* [TASK TO CARRY OUT] Restate all data exactly. No images.
----------------------------------------
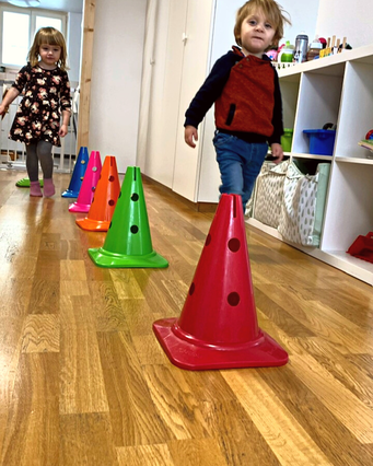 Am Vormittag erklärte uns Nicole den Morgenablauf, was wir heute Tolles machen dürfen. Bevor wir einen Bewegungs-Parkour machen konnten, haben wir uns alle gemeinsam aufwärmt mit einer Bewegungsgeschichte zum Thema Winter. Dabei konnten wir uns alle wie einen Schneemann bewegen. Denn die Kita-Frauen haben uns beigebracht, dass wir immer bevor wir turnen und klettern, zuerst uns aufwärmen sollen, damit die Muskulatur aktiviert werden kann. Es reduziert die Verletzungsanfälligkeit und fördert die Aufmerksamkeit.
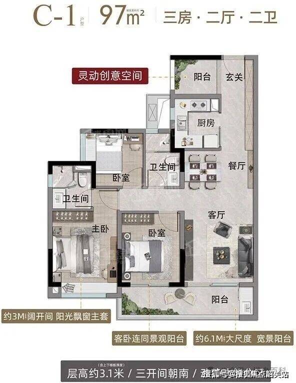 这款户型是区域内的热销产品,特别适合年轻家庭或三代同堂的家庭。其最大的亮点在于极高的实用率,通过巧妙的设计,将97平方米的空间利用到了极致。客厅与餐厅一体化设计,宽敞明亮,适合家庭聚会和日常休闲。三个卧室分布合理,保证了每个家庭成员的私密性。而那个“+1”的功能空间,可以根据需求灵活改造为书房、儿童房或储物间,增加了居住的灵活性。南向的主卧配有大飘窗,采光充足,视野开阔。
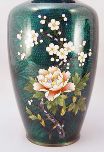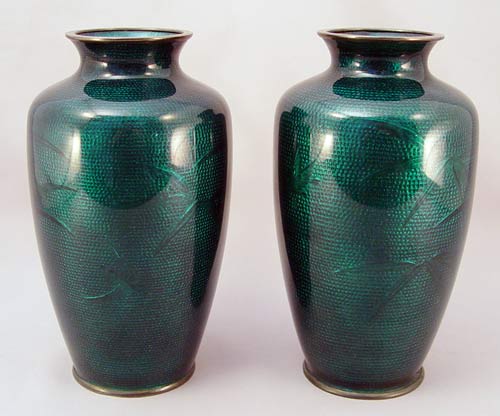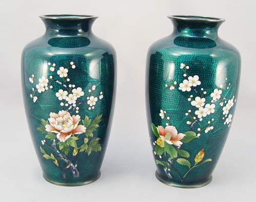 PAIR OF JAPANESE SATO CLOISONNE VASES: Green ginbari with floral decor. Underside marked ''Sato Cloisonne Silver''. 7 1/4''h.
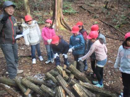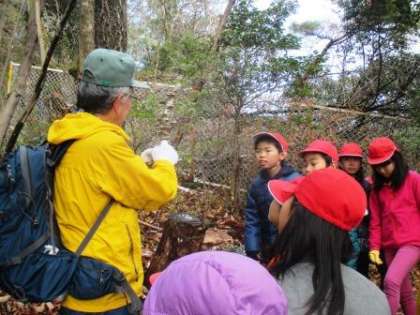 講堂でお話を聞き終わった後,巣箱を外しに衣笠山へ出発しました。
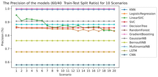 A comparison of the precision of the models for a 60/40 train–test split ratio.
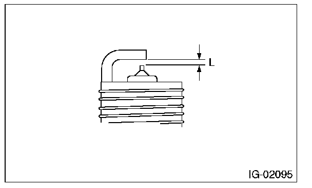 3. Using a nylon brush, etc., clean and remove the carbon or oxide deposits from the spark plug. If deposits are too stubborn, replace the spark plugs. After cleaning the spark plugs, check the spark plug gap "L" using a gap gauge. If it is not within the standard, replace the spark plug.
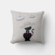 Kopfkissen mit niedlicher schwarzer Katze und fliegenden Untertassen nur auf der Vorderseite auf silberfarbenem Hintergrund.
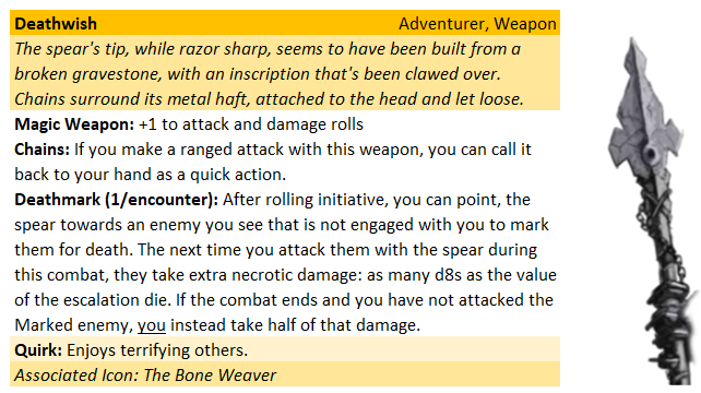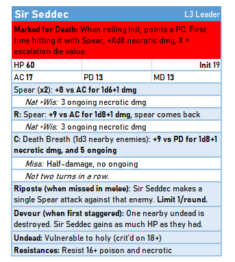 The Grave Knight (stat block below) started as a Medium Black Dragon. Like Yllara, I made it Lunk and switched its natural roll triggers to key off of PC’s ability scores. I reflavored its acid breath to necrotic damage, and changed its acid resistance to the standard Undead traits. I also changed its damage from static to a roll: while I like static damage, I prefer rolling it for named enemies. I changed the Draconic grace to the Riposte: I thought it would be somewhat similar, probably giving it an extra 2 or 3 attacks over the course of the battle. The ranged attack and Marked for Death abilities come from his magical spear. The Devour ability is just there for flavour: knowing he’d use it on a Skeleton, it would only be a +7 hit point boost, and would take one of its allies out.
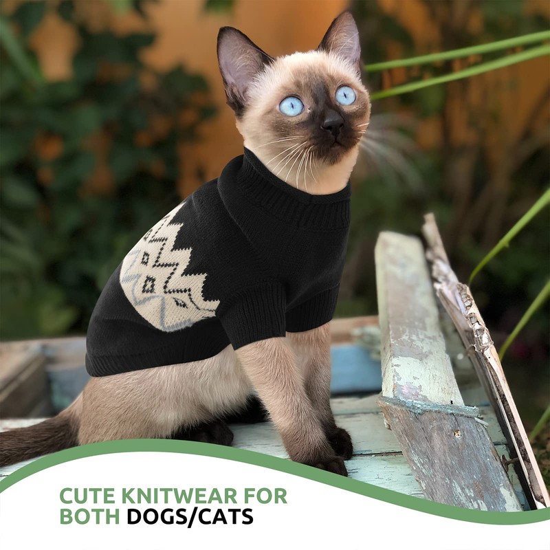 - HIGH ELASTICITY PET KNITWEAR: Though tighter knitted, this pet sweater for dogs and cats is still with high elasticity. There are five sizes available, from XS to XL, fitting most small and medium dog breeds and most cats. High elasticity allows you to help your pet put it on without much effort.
----------------------------------------
* [THE COMPLETED TASK]
 Am Vormittag erklärte uns Nicole den Morgenablauf, was wir heute Tolles machen dürfen. Bevor wir einen Bewegungs-Parkour machen konnten, haben wir uns alle gemeinsam aufwärmt mit einer Bewegungsgeschichte zum Thema Winter. Dabei konnten wir uns alle wie einen Schneemann bewegen. Denn die Kita-Frauen haben uns beigebracht, dass wir immer bevor wir turnen und klettern, zuerst uns aufwärmen sollen, damit die Muskulatur aktiviert werden kann. Es reduziert die Verletzungsanfälligkeit und fördert die Aufmerksamkeit.
 这款户型是区域内的热销产品,特别适合年轻家庭或三代同堂的家庭。其最大的亮点在于极高的实用率,通过巧妙的设计,将97平方米的空间利用到了极致。客厅与餐厅一体化设计,宽敞明亮,适合家庭聚会和日常休闲。三个卧室分布合理,保证了每个家庭成员的私密性。而那个“+1”的功能空间,可以根据需求灵活改造为书房、儿童房或储物间,增加了居住的灵活性。南向的主卧配有大飘窗,采光充足,视野开阔。
 PAIR OF JAPANESE SATO CLOISONNE VASES: Green ginbari with floral decor. Underside marked ''Sato Cloisonne Silver''. 7 1/4''h.
 講堂でお話を聞き終わった後,巣箱を外しに衣笠山へ出発しました。
 A comparison of the precision of the models for a 60/40 train–test split ratio.
 3. Using a nylon brush, etc., clean and remove the carbon or oxide deposits from the spark plug. If deposits are too stubborn, replace the spark plugs. After cleaning the spark plugs, check the spark plug gap "L" using a gap gauge. If it is not within the standard, replace the spark plug.
 Kopfkissen mit niedlicher schwarzer Katze und fliegenden Untertassen nur auf der Vorderseite auf silberfarbenem Hintergrund.
 The Grave Knight (stat block below) started as a Medium Black Dragon. Like Yllara, I made it Lunk and switched its natural roll triggers to key off of PC’s ability scores. I reflavored its acid breath to necrotic damage, and changed its acid resistance to the standard Undead traits. I also changed its damage from static to a roll: while I like static damage, I prefer rolling it for named enemies. I changed the Draconic grace to the Riposte: I thought it would be somewhat similar, probably giving it an extra 2 or 3 attacks over the course of the battle. The ranged attack and Marked for Death abilities come from his magical spear. The Devour ability is just there for flavour: knowing he’d use it on a Skeleton, it would only be a +7 hit point boost, and would take one of its allies out.
 - HIGH ELASTICITY PET KNITWEAR: Though tighter knitted, this pet sweater for dogs and cats is still with high elasticity. There are five sizes available, from XS to XL, fitting most small and medium dog breeds and most cats. High elasticity allows you to help your pet put it on without much effort.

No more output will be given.